Bei einem schweren Seilbahnunglück über dem Rettenbachferner im österreichischen Sölden kamen am Montag Nachmittag neun Menschen ums Leben, darunter sechs Kinder zwischen elf und 13 Jahren. Bei den Todesopfern handelt es sich um eine Frau, zwei Männer, vier Mädchen und zwei Jungen aus Baden-Württemberg und Bayern, die Berichten zufolge zum Skitraining ins Ötztal nach Tirol gekommen waren. Weitere schwer verletzte Personen wurden in die Universitätsklinik Innsbruck geflogen.

Hubschrauber löst Unglück aus
Ein Transporthubschrauber, der nach Informationen der Seilbahnbetreiber Material zu einer Baustelle an der Bergstation Schwarze Schneid fliegen sollte, löste das bis dato schwerste Seilbahnunglück der Geschichte in den österreichischen Alpen aus. Als sich der Hubschrauber rund 200 Meter über der Seilbahn befand, verlor er einen 750 Kilogramm schweren Betonkübel, der mit voller Wucht auf das Gondelseil und anschließend auf eine der Gondeln prallte. Die Kabine wurde sofort aus der Verankerung gerissen und stürzte in die Tiefe. Drei der fünf Insassen starben. Aufgrund des heftigen Aufpralls gerieten zwei weitere Kabinen in Schwingungen und außer Kontrolle. Mehrere Insassen wurden durch die Fenster hinausgeschleudert, sechs von ihnen überlebten den Absturz nicht. Den Angaben zufolge wurden sieben Menschen mit zum Teil schwersten Knochenbrüchen ins Krankenhaus geflogen.

Menschen können nur per Helikopter geborgen werden
Nach Aussage des Chefs der Leitstelle des Bundeslandes Tirol befand sich die Unglücksstelle in rund 2.800 Metern Höhe im Schnee. Augenzeugen, die sich in den anderen Gondeln befanden, alarmierten per Handy den Notruf. Zwölf Hubschrauber, 35 Sanitäter und mehrere Notärzte waren im Rettungseinsatz. Zum Zeitpunkt des Unfalls befanden sich insgesamt 35 Menschen in den sechs Kabinen, davon 16 in den verunglückten Gondeln. Ein Kriseninterventionsteam vom Roten Kreuz betreut derzeit die Angehörigen der Opfer.
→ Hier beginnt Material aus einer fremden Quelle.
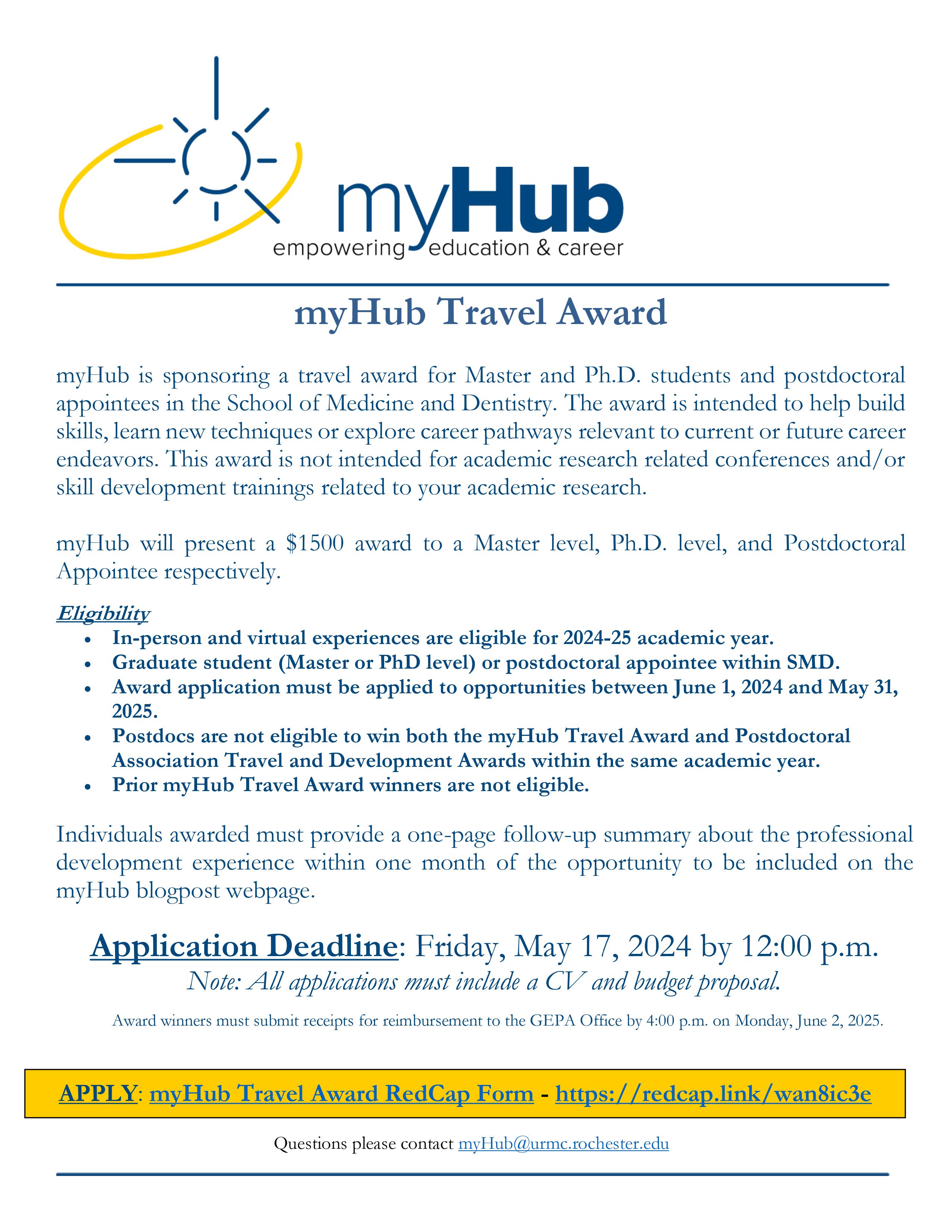 Step 1. Submit a completed Application Form (attached document) along with a copy of your C.V. and copies of your peer-reviewed publications to stephanie_scoville@urmc.rochester.edu by noon on April 17th .

Staatsanwaltschaft ermittelt
Derzeit ist unklar, ob sich das schwere Betonteil durch technisches oder menschliches Versagen lösen konnte. Der Befestigungshaken könne mechanisch oder elektrisch ausgeklinkt werden, wie Roy Knaus, Leiter der Salzburger Hubschrauberfirma, mitteilte. Der Hubschrauberpilot stehe unter Schock und habe keine Erklärung, wie es zu dem Unglück gekommen sei. Eine Gerichtskommision führt nun weitere Untersuchungen durch, Austrocontrol und die Staatsanwaltschaft sind ebenfalls eingeschaltet.

Zweiter Unfall nach 2004
Bereits im letzten Jahr ereignete sich ein Zwischenfall an der Bahn auf den 3.309 Meter hohen Schwarzen Schneid, der jedoch keine Personenschäden verursachte. Eine leere, talabwärtsfahrende Gondel hatte sich im Steuerseil verhakt und war anschließend abgestürzt. 113 Fahrgäste mussten daraufhin aus stecken gebliebenen Gondeln abgeseilt werden. Nach einer behördlichen Verfügung sollte das Steuerseil der Bahn nach diesem Vorfall weiter von den Gondeln entfernt neu verlegt werden. Der Hubschrauber, der das jetzige, tragische Unglück auslöste, sei zu den entsprechenden Baumaßnahmen auf dem Weg gewesen.

Skigruppen aus Süddeutschland?
Zum Teil widersprechen sich die Meldungen über die Herkunft der Opfer: Drei Erwachsene sollen aus Oberbayern, die sechs Kinder aus Baden-Württemberg kommen, berichtet www.tagesschau.de und beruft sich dabei auf www.br-online.de und www.swr.de. Danach gehörten die Verunglückten zu zwei Skigruppen, die am Gletscher trainierten.